A motivare l’evento è stata la presentazione di un libro di grande interesse: ”Un miliziano di Sua Maestà”, autore Fulvio Izzo, peraltro assente per sopraggiunti motivi di famiglia.
  
Protagonista è il "miliziano" Angelo Insogna, ma a campeggiare con lui sullo scenario della storia c’è anche una donna coraggiosa e volitiva, Maria Sofia di Baviera, alla quale è legata l’ultima disperata difesa del Regno delle Due Sicilie.
 “Libro molto interessante, così lo definisce Giancarlo Rinaldi, componente di spicco dell’Istituto, condotto attraverso un’attenta ricerca d’archivio di alto livello, perché ci restituisce una figura inedita e inusuale, quella del militante politico Angelo Insogna, legittimista e rivoluzionario, e, in contemporanea, la battaglia politica e culturale della Regina Maria Sofia di Wittelsbach, consorte di re Francesco II di Borbone  e sorella di Elisabetta di Baviera imperatrice dì Austria”.

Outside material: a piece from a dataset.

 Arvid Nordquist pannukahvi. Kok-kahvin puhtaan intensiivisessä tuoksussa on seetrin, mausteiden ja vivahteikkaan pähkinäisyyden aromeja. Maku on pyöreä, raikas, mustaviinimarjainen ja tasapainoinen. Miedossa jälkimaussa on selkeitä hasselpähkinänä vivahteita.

un'altra immagine della presentazione
Maria Sofia: una donna regina e soldato, alla quale la FIDAPA, già attenta alle battaglie delle donne con un precedente incontro pubblico sulle brigantesse, ha ancora una volta consacrato la sua attenzione per il contributo decisivo che esse hanno dato alla storia anche recente del nostro Paese. Basti pensare alle partigiane della Resistenza. E’ quanto ha sottolineato nel suo saluto introduttivo la presidente Feola, che ha aperto i lavori. 

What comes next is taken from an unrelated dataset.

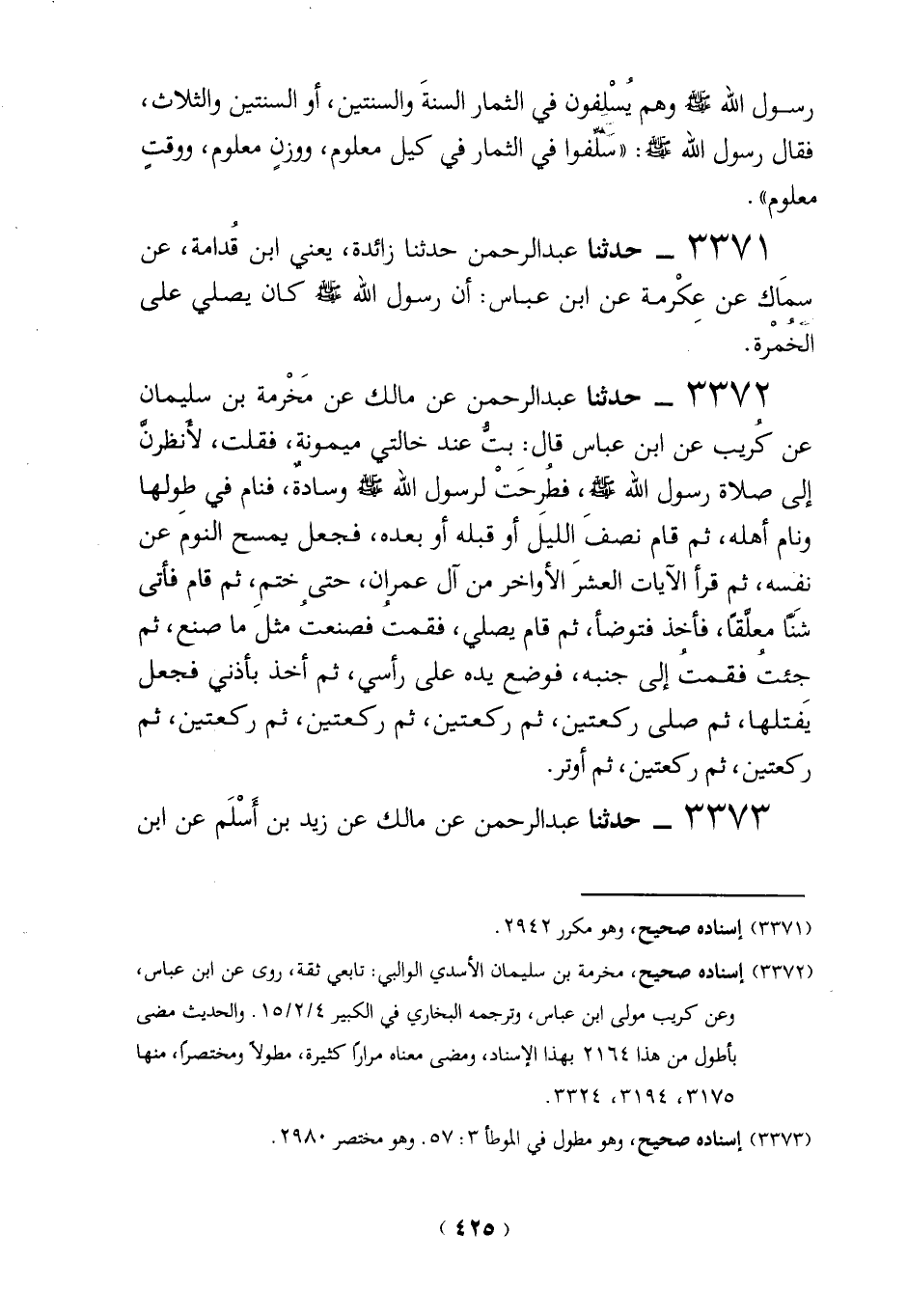 (3373) إسناده صحيح، وهو مطول في الموطأ 3: 57. وهو مختصر 2980.

Una storia quella del Sud che non va dimenticata e che è stata ripercorsa dall’intervento di Aldo Cobianchi, segretario nazionale S.I.deF., e dai relatori, Fernando Riccardi giornalista e scrittore, Ciro Pelliccio giornalista pubblicista.

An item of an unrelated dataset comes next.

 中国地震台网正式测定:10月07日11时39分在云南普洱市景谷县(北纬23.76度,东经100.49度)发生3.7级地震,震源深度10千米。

una bella immagine del pubblico che ha assistito alla presentazione

Ma soprattutto una serata di cultura all’insegna dell’indimenticabile Maria Sofia, che, venuta dalla Baviera, fece di Napoli la sua terra e la difese senza riserve, partecipando personalmente ai combattimenti che segnarono la fine di un Regno. Le cronache la raccontano sugli spalti della fortezza di Gaeta ad incitare alla lotta i soldati, sostenendoli e assistendoli feriti negli ospedali. Donna fiera e fedele a quel trono dove era salita regina nel 1859 a soli 18 anni al fianco del ventitreenne Francesco II. E, dopo la caduta di Gaeta, donna e sposa in dignitoso esilio con lui, prima a Roma e poi in Baviera, dove moriva nel 1925. Poi ancor sempre  fedele, perché nel 1984 le sue spoglie ritornavano a Napoli, nella basilica di Santa Chiara, dove riposano i re e le regine del Regno delle Due Sicilie.